### WHAT YOU HAVE TO DO
Scan the data below for the string "with". Show every line where it turns up.

### EXERCISE MATERIAL
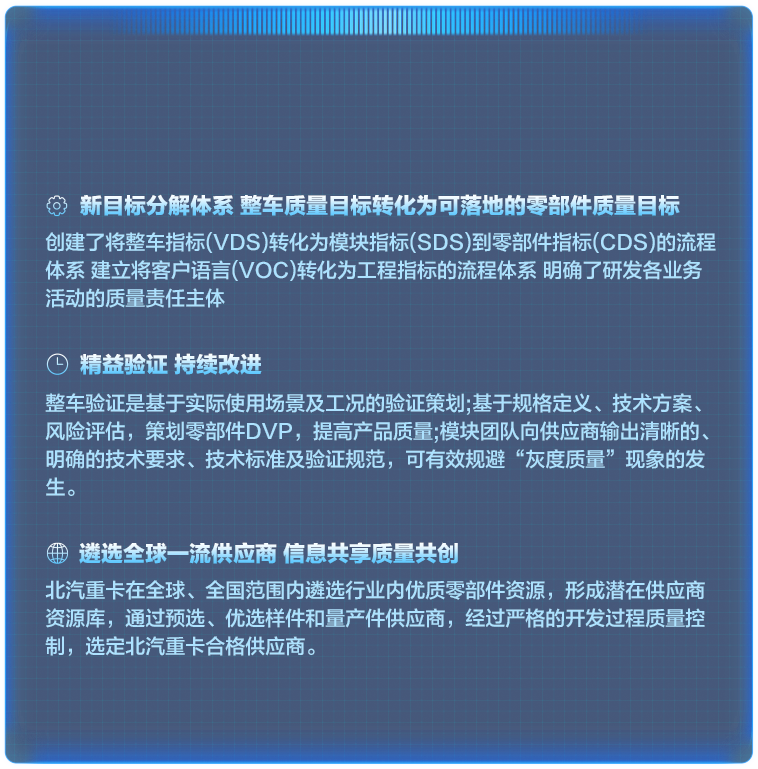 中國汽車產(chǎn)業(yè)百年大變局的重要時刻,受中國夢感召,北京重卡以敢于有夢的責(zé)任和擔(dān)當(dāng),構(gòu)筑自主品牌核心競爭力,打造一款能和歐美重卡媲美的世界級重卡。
==
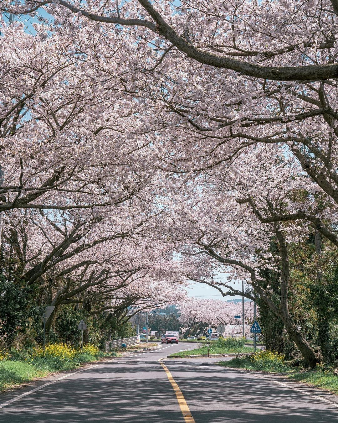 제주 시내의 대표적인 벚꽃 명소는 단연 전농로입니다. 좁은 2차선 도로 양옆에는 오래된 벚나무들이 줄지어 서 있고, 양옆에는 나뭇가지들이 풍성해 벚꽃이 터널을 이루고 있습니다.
==
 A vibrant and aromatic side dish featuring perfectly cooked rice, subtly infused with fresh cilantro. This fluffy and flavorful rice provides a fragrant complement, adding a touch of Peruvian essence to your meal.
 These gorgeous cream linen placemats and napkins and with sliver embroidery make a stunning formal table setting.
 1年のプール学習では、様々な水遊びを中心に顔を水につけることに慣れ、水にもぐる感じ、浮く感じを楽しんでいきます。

### WRITTEN SOLUTION
 A vibrant and aromatic side dish featuring perfectly cooked rice, subtly infused with fresh cilantro. This fluffy and flavorful rice provides a fragrant complement, adding a touch of Peruvian essence to your meal.
 These gorgeous cream linen placemats and napkins and with sliver embroidery make a stunning formal table setting.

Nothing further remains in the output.